Grammar | Grammar description | Entity information type |
---|---|---|
Contact Data |
Any information that can be used to contact an individual, such as postal addresses, phone numbers, and email addresses. This grammar includes information for multiple languages and countries. |
Addresses
A postal address. This entity returns the addresses in a normalized format by default. The normalized form standardizes apartment and house numbers, removes additional punctuation, and converts the text to uppercase. For example, "ABIDEI HURRIYET CD TANER PALAS APT 9" or "KAT:7, D:9, 34437 ISTANBUL". The exact order depends on the country. For CJKVT, this entity returns the addresses in a normalized format. The normalized form standardizes apartment and house numbers, removes additional punctuation, and for Romanized text, it converts the text to uppercase. CJKVT native script is not normalized to ASCII, and Romanized text is not normalized to CJKVT native script. Email Addresses
Email address. For example, "jsmith@mailserver.com". Email address with mailto: prefix. For example, "mailto:jsmith@mailserver.com". Phone Numbers
A telephone number with context.

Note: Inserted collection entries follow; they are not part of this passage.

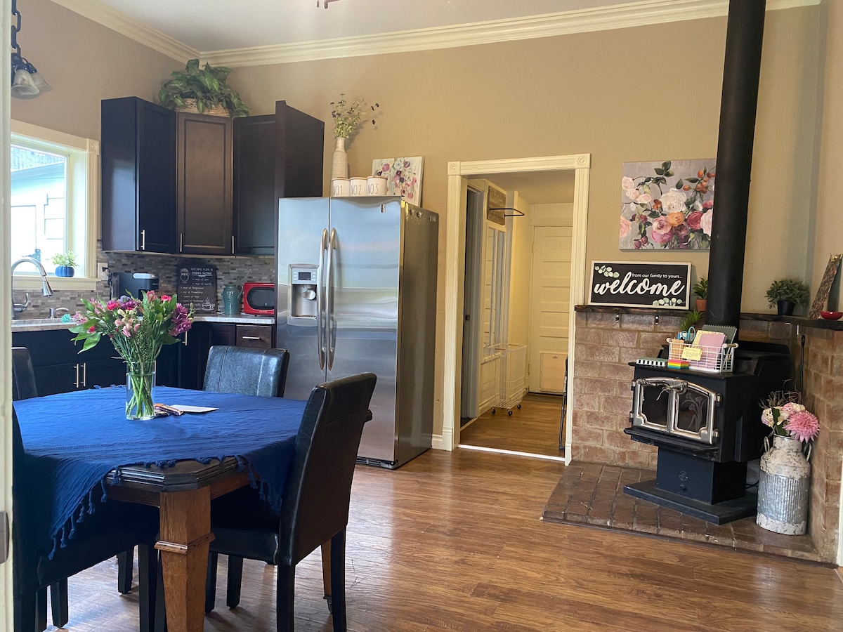 Construida en 1890, esta casa histórica ha sido cuidadosamente actualizada con todas las comodidades modernas. Los 3 dormitorios cuentan con camas tamaño queen. El dormitorio principal está en la planta baja y hay dos dormitorios espaciosos adicionales arriba. Cocina actualizada y baño con ducha doble a ras de suelo. Acogedora sala de estar con internet de alta velocidad Xfinity para streaming y acceso a la web. Hermoso espacio al aire libre con luces, chimenea y asientos cómodos. ¡Ubicado en el sendero Centennial, a 2 manzanas del centro de Snohomish, con tiendas y restaurantes!
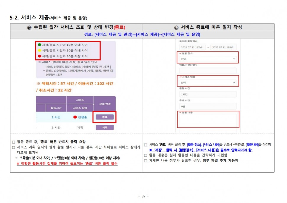 [양육지원] (양식) 시스템 시작/종료 30분 이상 차이 사유서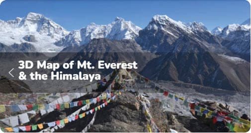 ઘેરબેઠાં હિમાલય ખૂંદવો છે? એક જર્મન કંપનીએ એવરેસ્ટ, હિમાલય અને તેના પોપ્યુલર ટ્રેકિંગ રુટ્સનો એક ઇન્ટરેક્ટિવ ૩ડી મેપ તૈયાર કર્યો છે. આ મેપ એન્ડ્રોઇડ અને આઇઓએસ એપ સ્વરૂપે પણ ઉપલબ્ધ છે.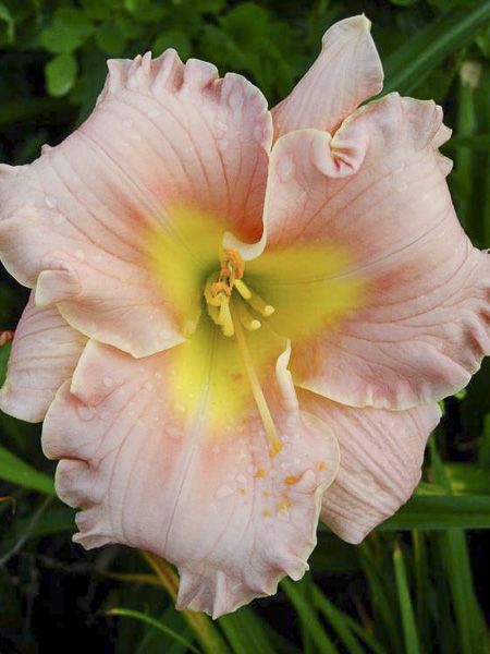 Hémérocalle aux fleurs de 12 cm de diamètre, aux pétales frangés rose tendre à œil peu marqué pourpré et gorge chartreuse.

For example, "Tel: +44 1234 224050", "Telephone: (204)-243-9955", or "numéro de téléphone: +1-902-861-7000". For CJKVT, numbers can be ASCII or full-width numbers. |
Devices and Vehicles | Any information that can identify electronic devices, such as IP and MAC addresses and identify vehicles by VIN number. |
Device ID
An identification number for a computing device (such as a computer, tablet, or smart phone). The following device IDs are included.
VIN Number
A vehicle identification number without context. For example, "JH4DB1550MS003978". |
Financial Data |
Any personal data related to financial data such as bank accounts, IBAN, salary information, and so on. This grammar includes information for multiple languages and countries. |
Bank Account Numbers
A bank account number. The following bank account patterns are included.
Bank Details
A name of a bank. Major bank names for the following countries are included.
Credit Card Numbers
Any credit card number. The following credit card formats are included.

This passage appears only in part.